The 2018 Torchbearers are:

  • Amany Alshibli, of Knoxville, a Haslam Scholar and Grand Challenge Scholar majoring in chemical and biomolecular engineering and aspiring to a medical career. She pursued research in cardiac regenerative medicine at the Scottish Centre for Regenerative Medicine. In addition to being a stellar student, she tutors students and assists with science programs at Pond Gap Elementary School. She also organized the Einstein Science Club at Annoor Academy.
  • Kimberly Bress, of Melbourne, Florida, a College Scholar majoring in neuroscience and mental A Haslam Scholar and the recipient of a prestigious Barry Goldwater Scholarship, she plans to pursue a medical degree and a doctorate in behavioral neuroscience. Her goal is to help develop more effective treatments for disorders such as depression, anxiety, and post-traumatic stress disorder.
  • Justin Crawford, a self-described Air Force brat whose family currently lives in both the US and Japan. A journalism and electronic media major, he is the founder and former producer and host of the Volunteer Channel’s VOLTalk, an ambassador for the College of Communication and Information, and active in the Diversity Student Leaders Society. He’s held professional internships at news and entertainment companies from Knoxville to Hollywood.
  • Feroza Freeland, of Memphis, a political science major with a Hispanic minor. She interns at the Legal Aid of East Tennessee, helping people who cannot afford legal representation. She has been the president of the College Democrats, an urban fellow in the City of Memphis Emergency Management Department, and a diversity educator in UT’s Office of Multicultural Student Life. She is also a Truman Scholar finalist, a Chancellor’s Honors Program Scholar, and a Baker Scholar.

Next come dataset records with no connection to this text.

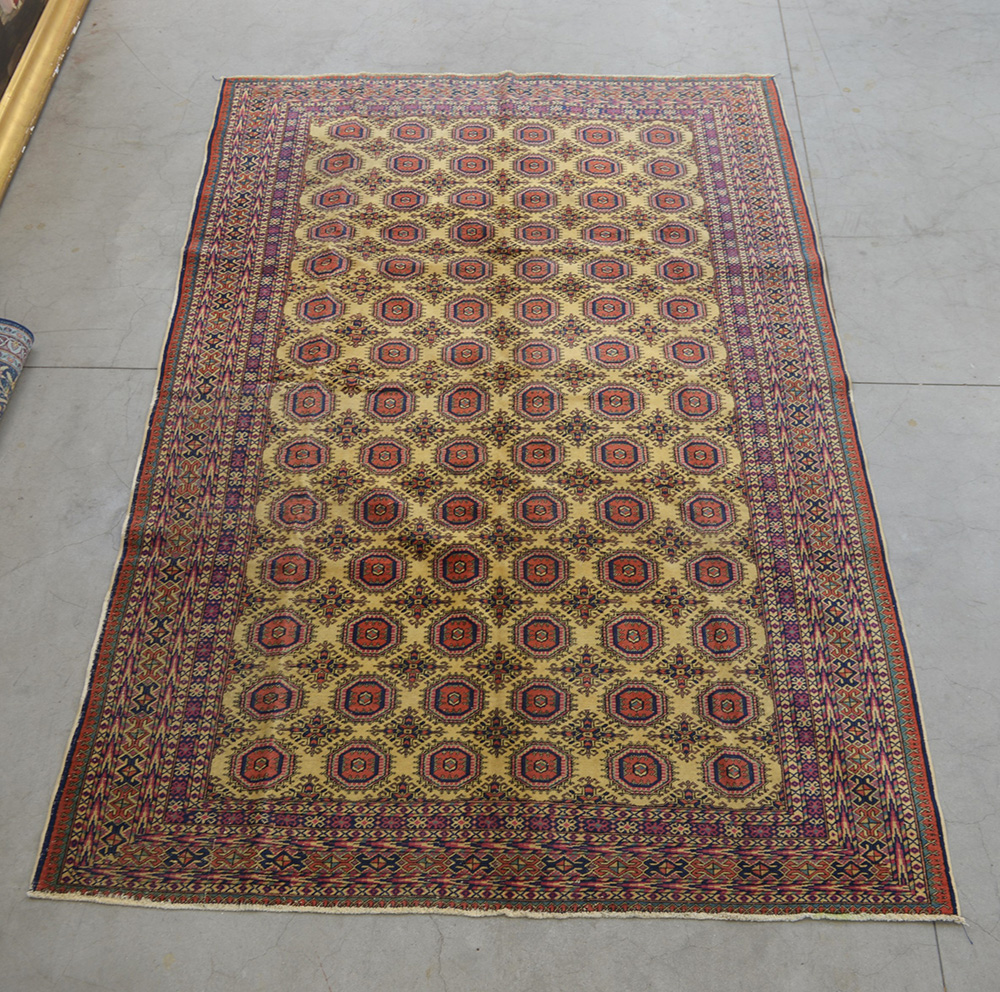 [Tappeto] Tappeto Kaisery, Anatolia, prima metà sec. XX. Disegno Bhoukara Kerki con file geometriche di Gull nei toni del blu, verde e arancio su fondo bianco (cm 293x200)(difetti e mancanze)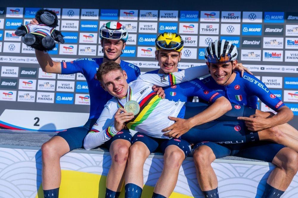 Italian rider Lorenzo Finn and his teammates celebrate as he claimed gold in the men’s Under-23 race at the UCI World Cycling Championships in Kigali on Friday, September 26, 2025.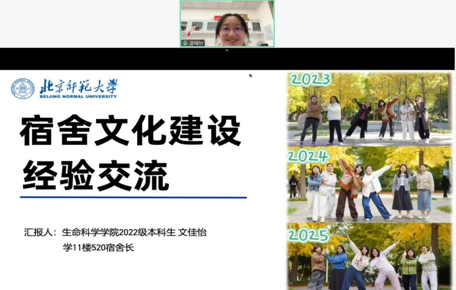 在经验分享环节,学部特别邀请了荣获“北京高校优秀学生基层组织”的宿舍舍长——人工智能学院的王淼同学和生命科学学院的文佳怡同学分别从不同角度分享了宿舍建设及评选文明宿舍的经验。她们结合自身宿舍管理经历,从共同兴趣培养、集体活动组织、包容互助氛围营造等方面,生动展现了优秀宿舍的建设历程,为与会宿舍长提供了可复制、可借鉴的宝贵经验,引发热烈共鸣。
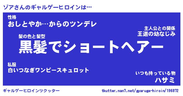 | 男性向けラノベタイトル風あだ名 | 『ゾアの憂鬱』 |

  • Morgan Hartgrove, of Maryville, a College Scholar majoring in health policy and public health. She has served as the Student Government Association’s student body president and spearheaded the campus smoking ban that will go into effect in the fall. She’s held an internship with US Congressman Phil Roe and worked with a faculty mentor and East Tennessee Children’s Hospital on research that could help determine optimal withdrawal treatments for babies born to mothers addicted to opioids.
  • Cullen Johnson, of Memphis, who is majoring in industrial and systems engineering. As a freshman he revamped the Intervarsity Christian Fellowship’s men’s Bible study, Brother to Brother, which provides leadership and service opportunities to male students. He has served on the student advisory board in the Tickle College of Engineering and has secured internships at top companies including Norfolk Southern and Under Armour.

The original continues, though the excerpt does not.